Giving Thought: Building community is key in times of crisis
Giving Thought

Steve Mundinger
From the ruptured supply chain to the growing ranks of the unemployed, COVID-19 continues to wreak havoc with Americans’ lives, and the need for helpers, caregivers and everyday heroes is ever more apparent.
Most of us are trying to do our part by sheltering at home, wearing masks and/or gloves during our few trips into public spaces, and generally taking care in all of our activities to prevent the spread of the coronavirus. That in itself is vitally important to minimize the spread of the virus.
Today, however, I want to thank those among us who are going a bit further — not only to prevent more infections, but to provide help and direct support to those whose lives have been upended by the pandemic.
“We spend a lot of time talking to people,” said Graham Frontella, a property manager with roughly 100 rental units in the Rifle area. “It’s important that they feel heard. Do you really have what you need? How many days of supplies?”
Frontella is a landlord, and he’s quick to say that his family-owned company is “not a charity.” But he also takes a uniquely human approach to his work, and views each of his tenants as clients. So, if a tenant has lost a job, or a family member, or the transmission of the family car, then Frontella will try to help. He’ll work with his tenants to settle rent issues.

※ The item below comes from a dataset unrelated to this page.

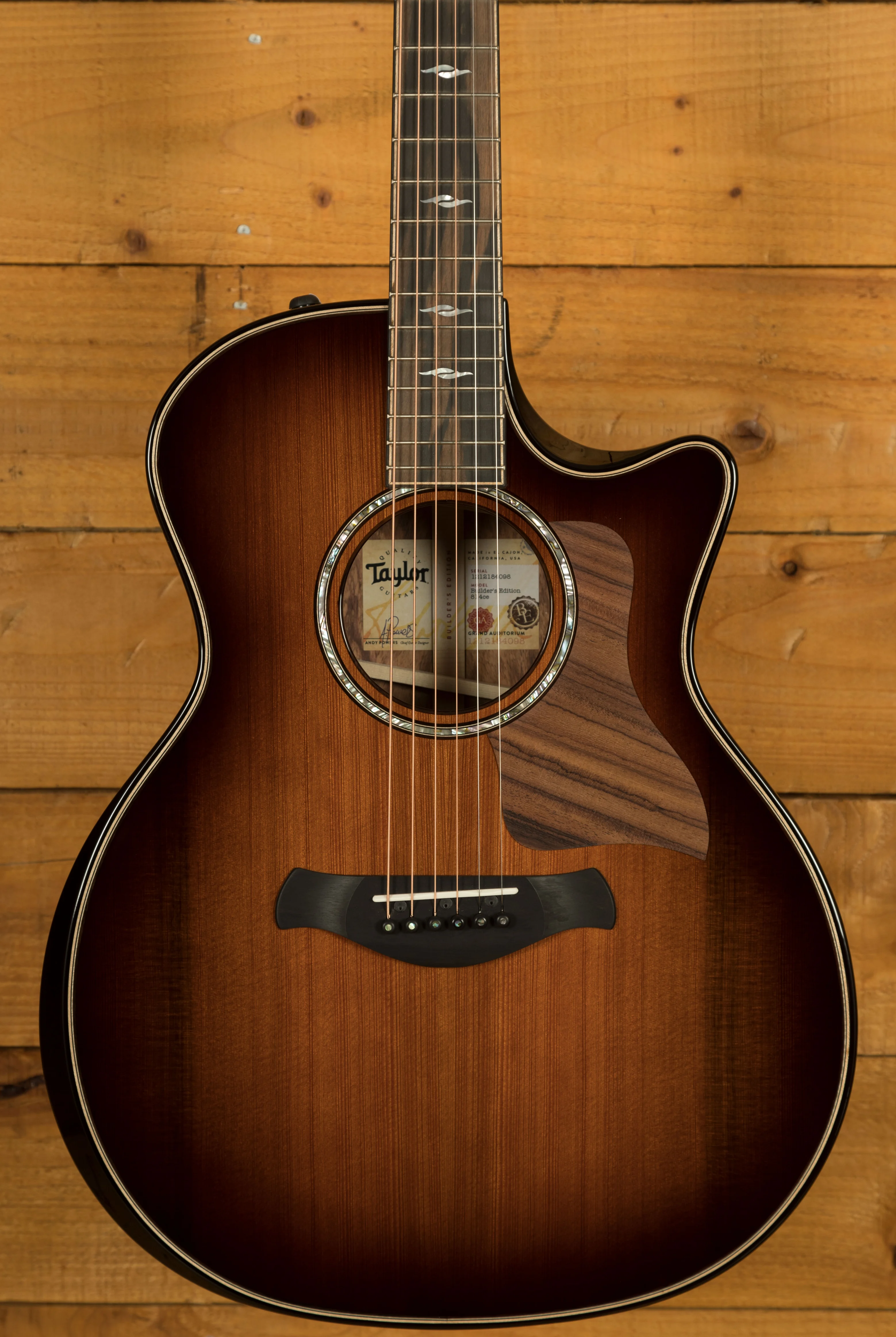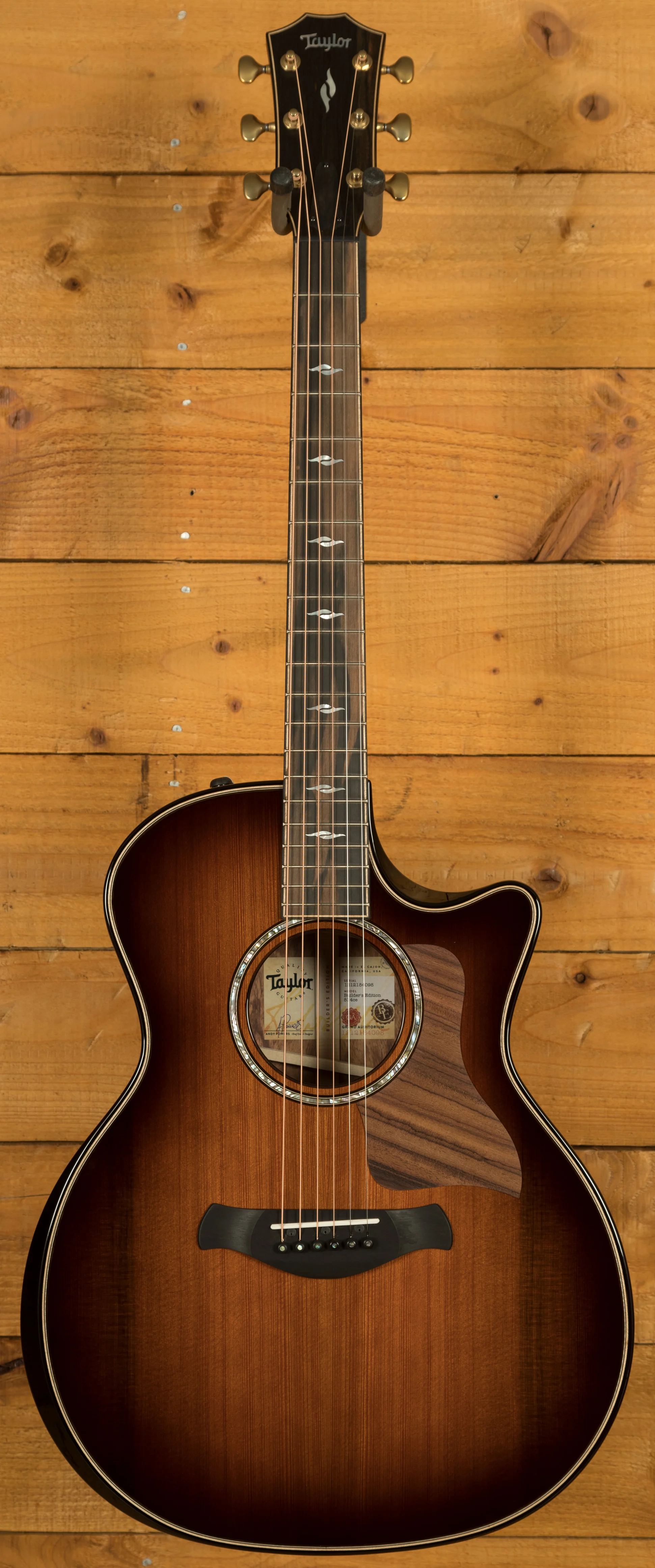 The Builder's Edition 814ce prioritises player comfort with features like a bevelled mahogany armrest, a bevelled cutaway for easy access to the upper frets, and chamfered body edges. The neo-tropical mahogany neck and West African Crelicam ebony fretboard provide a comfortable playing experience. Other premium appointments include Gotoh 510 tuning machines with an 18:1 ratio for precise tuning, Element fretboard inlays, and a gloss finish with a shaded edgeburst treatment. The guitar comes with a Taylor deluxe hardshell brown case for protection.
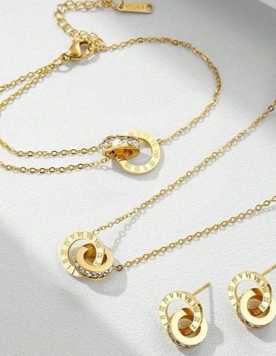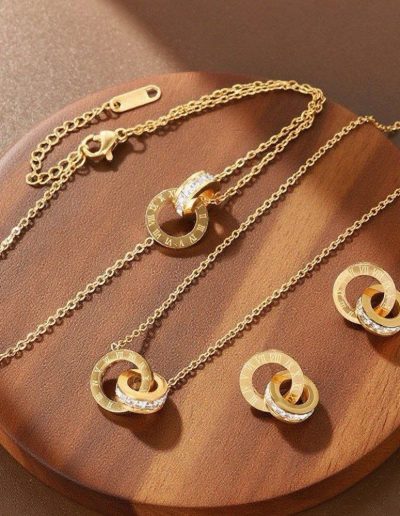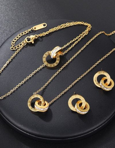 Double Ring Three piece Stainless Steel Jewellery Set J18

Since the COVID-19 crisis began, Frontella and his crew have regularly checked in with tenants in an effort to ensure nobody goes without their basic needs. One family might need a box of diapers or a certain medication. For someone else, it could be a plumbing or electrical repair or, yes, a few rolls of toilet paper.
Every tenant, and every situation, is different.
“We grew up farming and ranching on the Western Slope, and we’ve always shared what we had, whatever it takes,” he said. “We’ve been going hard for weeks.”
It’s a similar, all-hands-on-deck situation at the El Jebel Mobile Home Park, where Robert Hubbell, manager of Crawford Properties, says his many tenants are either “working overtime or they have no work at all.” Hubbell and his team use email blasts and social media to get information out to tenants about financial relief, food distributions and other sorts of assistance.
“We’ve had to hit the pause button in order to work with everybody on a case-by-case basis,” Hubbell said. “We’re not charging any late fees. We just have to work with each family and hopefully we’ll all get through this.”
The overall situation evolves constantly as tenants find or lose work, and as the rules change regarding government assistance and food availability. When asked how he’d sum up the current approach to business, Hubbell said, “Community and teamwork. We all just have to work together.”
A shining example of those tenets occurs every Thursday at noon in the parking lot at Basalt Middle School. Dozens, even hundreds, of cars and trucks line up in orderly queues that stretch onto nearby streets, but they’re not dropping children at school. They’re picking up food provided by Food Bank of the Rockies and distributed (with gloves and masks) by Aspen Skiing Co.’s events team.
Beginning in March, when the grip of the pandemic was first felt, food distribution has been a high priority in local relief efforts. As more members of the workforce were laid off, the cries for help increased and the systems to meet those needs mushroomed accordingly in organization and sophistication. Last Thursday’s food distribution was the essence of efficient, medically appropriate, social-distanced community service.
“As the need grew, we worked with the schools to get set up in Basalt,” said Hannah Berman, Skico’s sustainability and philanthropy manager. “And it’s just grown every week. At this point, we’ve fed more than 1,600 households.”
The Aspen-Snowmass ski resorts were closed in mid-March, but Skico’s events people have transitioned smoothly from concerts and banquets into this new, philanthropic variety of food service.
“As the largest employer in the valley, we feel like we are the community,” Berman said. “We’ve always been a company that tries to take the long view.”
Frontella, the Rifle property manager, echoes that sentiment.
“The overarching goal for us has always been to build community,” he said.
Tamara Tormohlen is executive director of the Aspen Community Foundation.